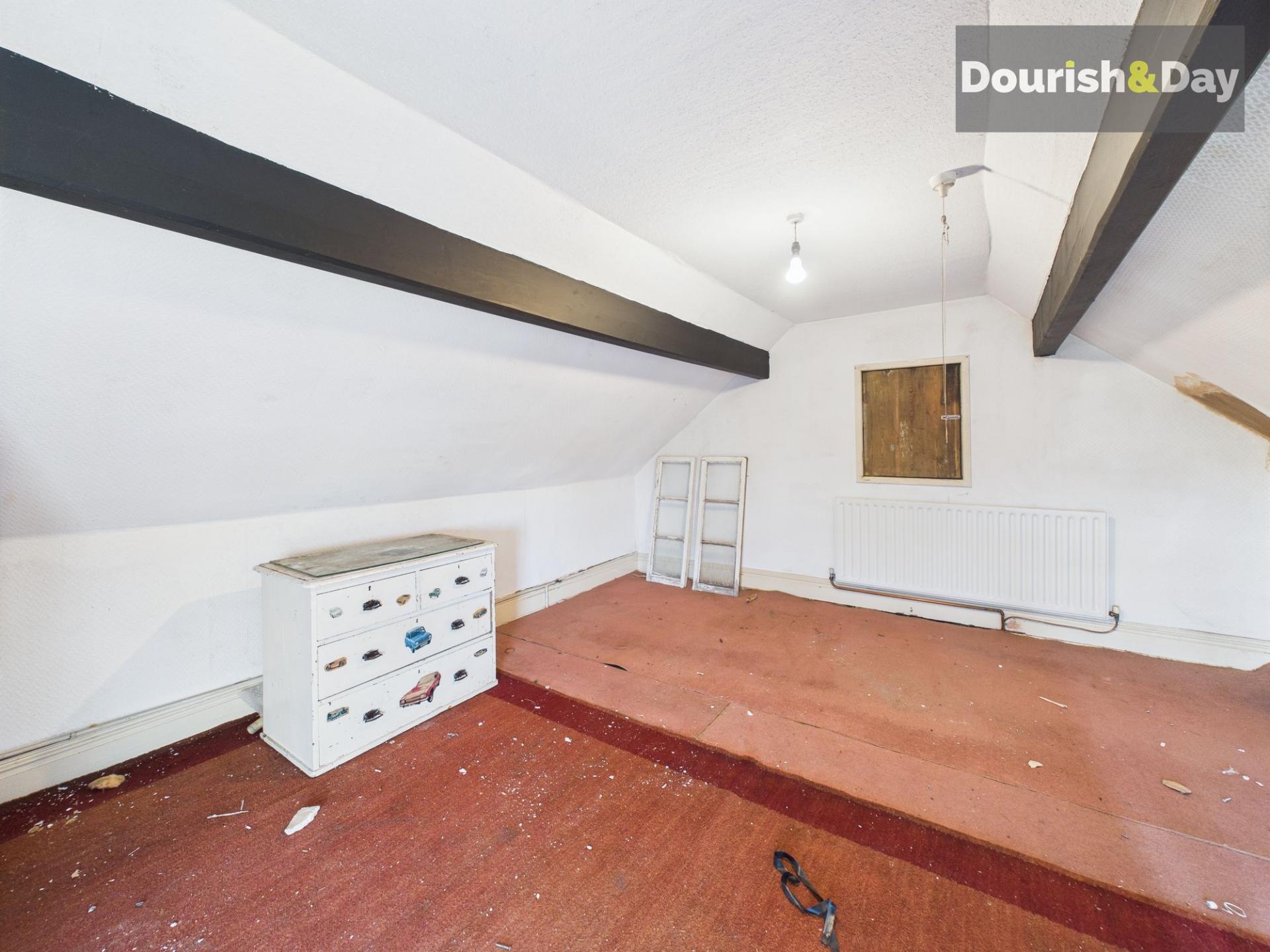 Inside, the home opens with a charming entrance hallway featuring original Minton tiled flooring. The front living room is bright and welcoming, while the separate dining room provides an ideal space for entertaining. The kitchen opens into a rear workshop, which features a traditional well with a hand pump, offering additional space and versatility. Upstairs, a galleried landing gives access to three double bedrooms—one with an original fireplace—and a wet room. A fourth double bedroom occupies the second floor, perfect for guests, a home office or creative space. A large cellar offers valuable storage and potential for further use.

──────────

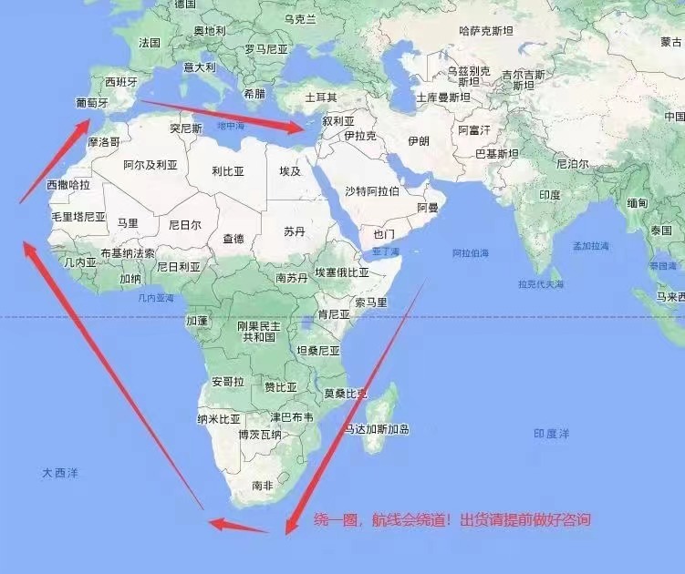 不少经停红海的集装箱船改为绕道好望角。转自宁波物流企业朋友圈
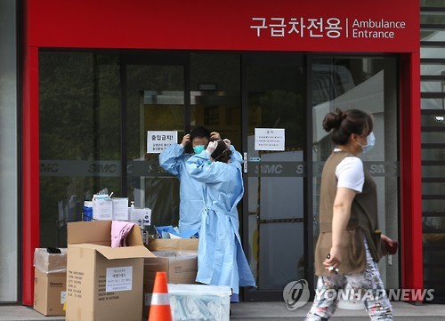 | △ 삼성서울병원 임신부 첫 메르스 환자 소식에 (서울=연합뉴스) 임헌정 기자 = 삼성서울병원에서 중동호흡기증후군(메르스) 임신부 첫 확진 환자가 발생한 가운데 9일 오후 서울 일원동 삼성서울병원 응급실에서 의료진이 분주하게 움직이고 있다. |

──────────

Find the line with "不少经停红海的集装箱船改为绕道好望角。转自宁波物流企业朋友圈" in the data above, and from there retype each line exactly through the line with "분주하게 움직이고 있다. |", skipping the pictures along the way.

 不少经停红海的集装箱船改为绕道好望角。转自宁波物流企业朋友圈
 | △ 삼성서울병원 임신부 첫 메르스 환자 소식에 (서울=연합뉴스) 임헌정 기자 = 삼성서울병원에서 중동호흡기증후군(메르스) 임신부 첫 확진 환자가 발생한 가운데 9일 오후 서울 일원동 삼성서울병원 응급실에서 의료진이 분주하게 움직이고 있다. |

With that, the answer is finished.